Job: CEO and Founder, Former CEO
Notes: CEO and Founder of Apeture Science, Mr. Scar Goodtimes raised this company from the ground. From making shower curtains to our new scientific advances, he has led our company to prosperity.
More writing under the cut!
Statement from Mr. Goodtimes: "Hello, all you investors and test subjects, Scar Goodtimes here, CEO and founder of Apeture Science. You might be wondering, "Scar, what possessed you to buy hundreds of dollars of moon rocks?" And the answer would be: Science! Just some good, ol' fashioned Science. Cleo, tell the Lab Boys to see if ground up moon rocks can do any Science."

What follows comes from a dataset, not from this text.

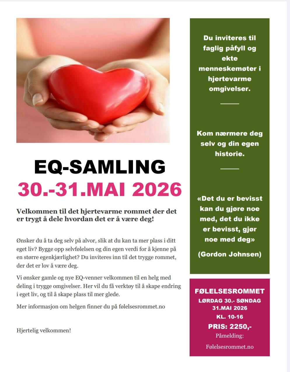 Følelsesrommet inviterer til EQ-samling lørdag 30. - søndag 31.mai fra kl. 10-16.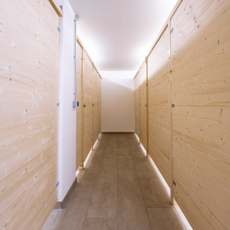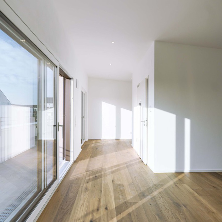 Die Auswahl von hellen Materialien lassen die Räume groß und freundlich wirken. Die bodenteifen Fenster unterstreichen die moderne einladende Architektur. Die Ausrichtung der Räume positioniert sich nach Süden und Westen, sodass eine optimale Belichtung ermöglicht wird.

Additional Note: We're not sure how Mr. Goodtimes came into possession of billions of dollars, considering he spends them all almost as soon as he gets them. The stock ratings are awful, and had it not been for Mr. Goodtimes' fortune, Apeture would have been bankrupt within its first two months.
Note from Mr. Goodtimes: "You know what I think will help achieve our aim of a big, beautiful tomorrow? AI. Artificial Intelligence. Cleo, can you get the Lab Boys working on that? Thank you. You see, I want to try and put myself into a computer! Wouldn't that just be great? Then I can get to see that great big, beautiful tomorrow. So, I'm getting the Lab Boys to work on that now! Say... That diamond looking moon rock looks suspiciously tasty..."
Additional Note 2: Mr. Goodtimes has begun eating the moon rocks. We hope this has no health concerns.
Additional Note 3: There were, in fact, health concerns. While we cannot get a direct statement from Mr. Goodtimes at this moment, he has stated that he wants Miss Cleo Zombie to "run this place" in the event of his premature death, and that the "Lab Boys" should "Stick her in <his> computer" if needs be.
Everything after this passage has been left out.